As per earlier convo's

Were coming


----------



## Hercs74 (Dec 29, 2011)

Hi I'm very new to all this.. And would be really interested especially if I'm not at work.. Do we have a start and finish time, and are there any cost... Apologies if daft questions but very new to this..

Regards


Sent from my iPhone using Tapatalk


----------



## -Kev- (Oct 30, 2007)

start and finish times is something ive got to double check with Kelly actually :wall:
as its not a training day, its free but you'll need money for food and (if you want to buy any) detailing products


----------



## Trip tdi (Sep 3, 2008)

Hi Kev, is this a free event at all, anybody can turn up from this site.


----------



## Jdudley90 (Mar 13, 2011)

Would love to come but your 2 hrs 40 mins away


----------



## -Kev- (Oct 30, 2007)

Trip tdi said:


> Hi Kev, is this a free event at all, anybody can turn up from this site.

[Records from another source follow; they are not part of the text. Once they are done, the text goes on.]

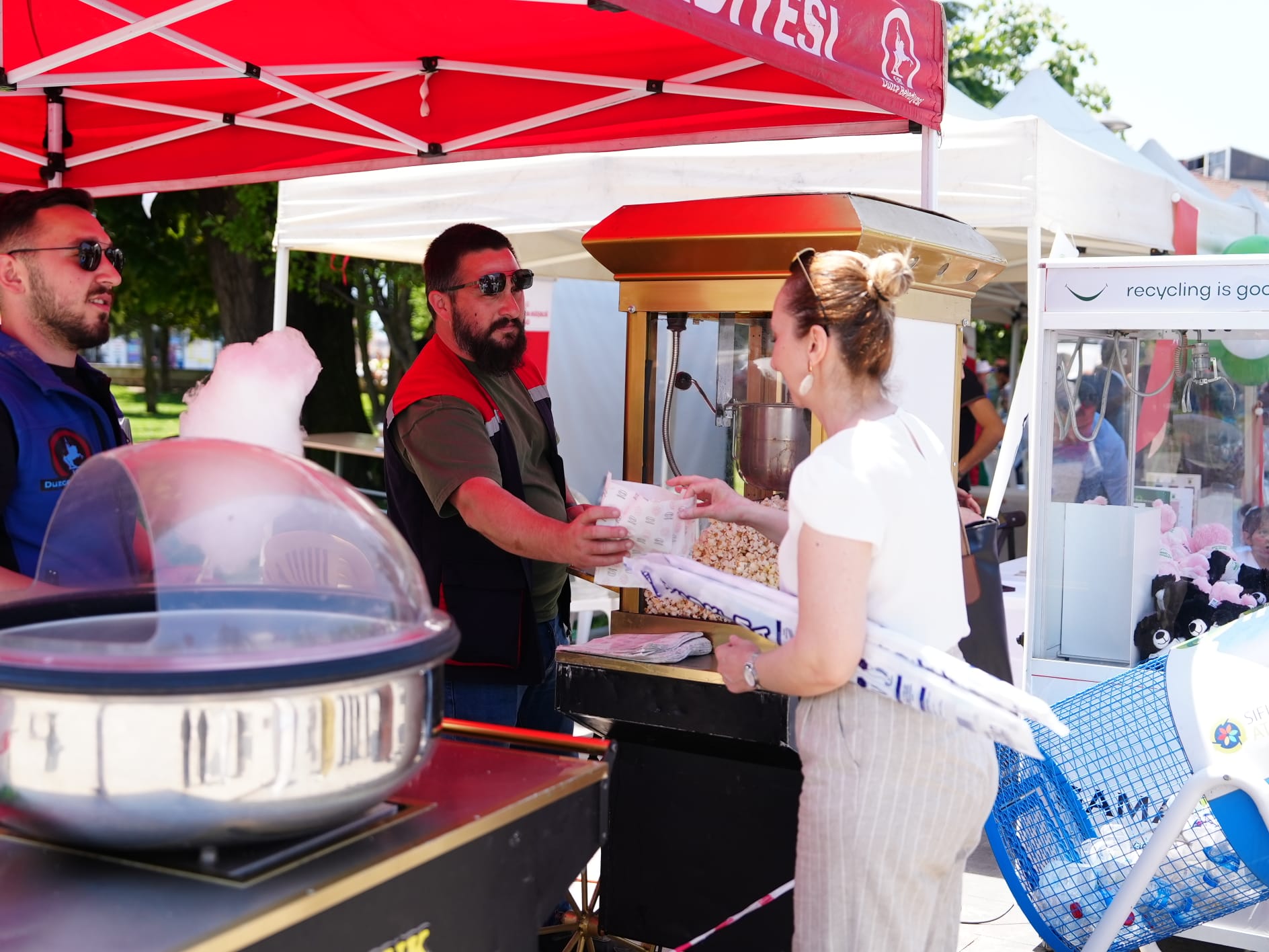 Düzce Belediyesi Çocuk Üniversitesi tarafından düzenlenen boyama etkinliği çocukların ilgisini çekerken, Sosyal Yardım İşleri Müdürlüğü tarafından kurulan stantlarda da pamuk şeker, patlamış mısır gibi ikramlar sunuldu.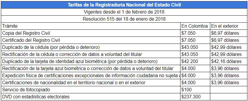 El aumento de las tarifas del 4,09% se realiza de acuerdo con el índice de inflación para la vigencia 2017, de acuerdo con el Departamento Administrativo Nacional de Estadísticas (Dane). El Comité de Tarifas de la Registraduría Nacional del Estado Civil estableció que el costo a partir del 1 de febrero de 2018 de los duplicados y rectificaciones de la cédula de ciudadanía, es de $43.050. Para los colombianos que adelanten el trámite en los consulados en el exterior el valor es de $42,99 dólares.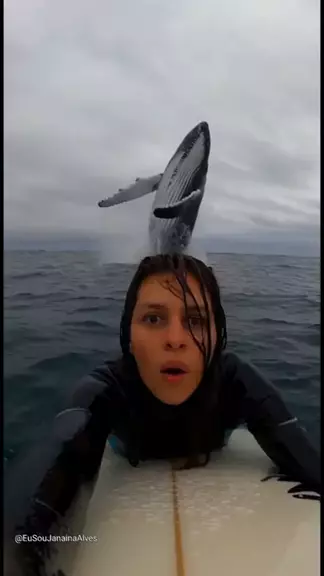 EU ESTAVA NA PRANCHA… E UMA BALEIA SALTOU ATRÁS DE MIM 😱🐋 Eu só queria surfar tranquila, quando do nada senti o mar mudar… e essa cena absurda aconteceu atrás de mim. Nunca vou esquecer esse dia. #Baleia #Surfe #MarAberto #eusoujanainaalves #Oceano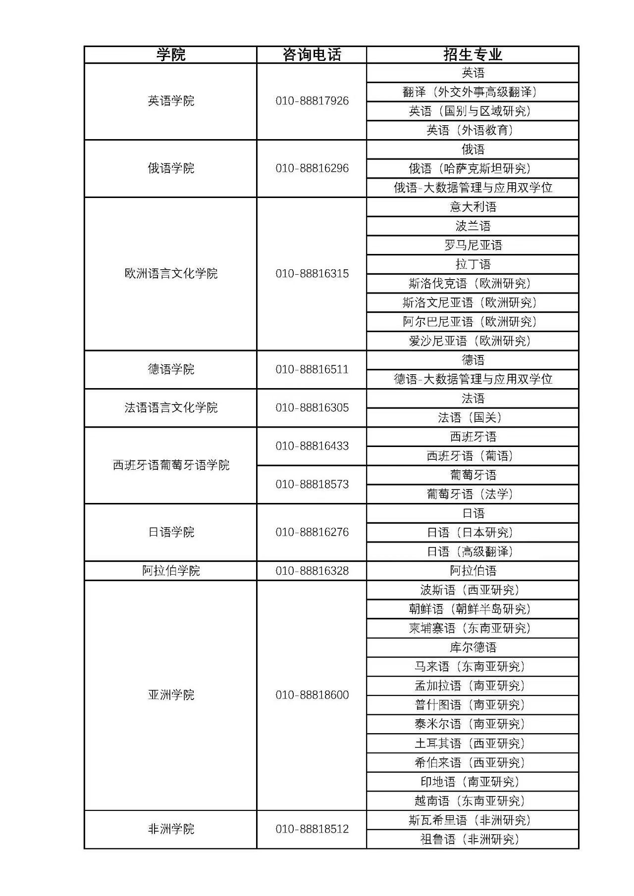 (一)外语类:英语、英语(国别与区域研究)、英语(外语教育)、翻译(外交外事高级翻译)、日语、日语(日本研究)、日语(高级翻译)、俄语、俄语(哈萨克斯坦研究)、俄语-大数据管理与应用双学位、德语、德语-大数据管理与应用双学位、法语、法语(国际关系)、西班牙语、西班牙语(葡语)、葡萄牙语、葡萄牙语(法学)、阿拉伯语、阿尔巴尼亚语(欧洲研究)、波兰语、斯洛伐克语(欧洲研究)、罗马尼亚语、意大利语、斯洛文尼亚语(欧洲研究)、爱沙尼亚语(欧洲研究)、拉丁语、波斯语(西亚研究)、朝鲜语(朝鲜半岛研究)、印地语(南亚研究)、柬埔寨语(东南亚研究)、马来语(东南亚研究)、希伯来语(西亚研究)、越南语(东南亚研究)、土耳其语(西亚研究)、泰米尔语(南亚研究)、普什图语(南亚研究)、孟加拉语(南亚研究)、库尔德语、斯瓦希里语(非洲研究)、祖鲁语(非洲研究)等,共41个专业及方向。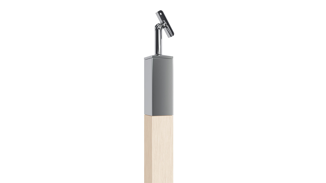 Готовая стойка 40х40х950 мм, деревянная буковая нелакированная, со вставками из нержавеющей стали полир. 2х100 мм k740-9-П

yep, as stated already its free


----------



## mark1 (Dec 12, 2011)

Can't wait for this new to the detailing world and it's literally ten mins from my house result see you all there


----------



## Trip tdi (Sep 3, 2008)

-Kev- said:


> yep, as stated already its free


Right I;m in, i'm be there on the dot, first one there :thumb:

Kev have you seen the weather buddie, its snowing like mad out there, no driving :driver:

Thanks Kev, made my day


----------



## svended (Oct 7, 2011)

I'm up for this. Count me in. Please add me to the list.


----------



## banditbarron (Sep 1, 2007)

What's all the PH references?

If you say piston heads then my god forget me attending this.


----------



## Magic Detail (Jul 25, 2010)

-Kev- said:


> :lol: no joke Matt, although i think Kelly relished making it for this date


Shame he wasn't the first person to think of it though! :lol:

I'm at another Show & Shine event that same day up in the North West!! If I wasn't, I may have ventured sarf of the border for this one..

Hope its a good day for you guys


----------



## -Kev- (Oct 30, 2007)

banditbarron said:


> What's all the PH references?
> 
> If you say piston heads then my god forget me attending this.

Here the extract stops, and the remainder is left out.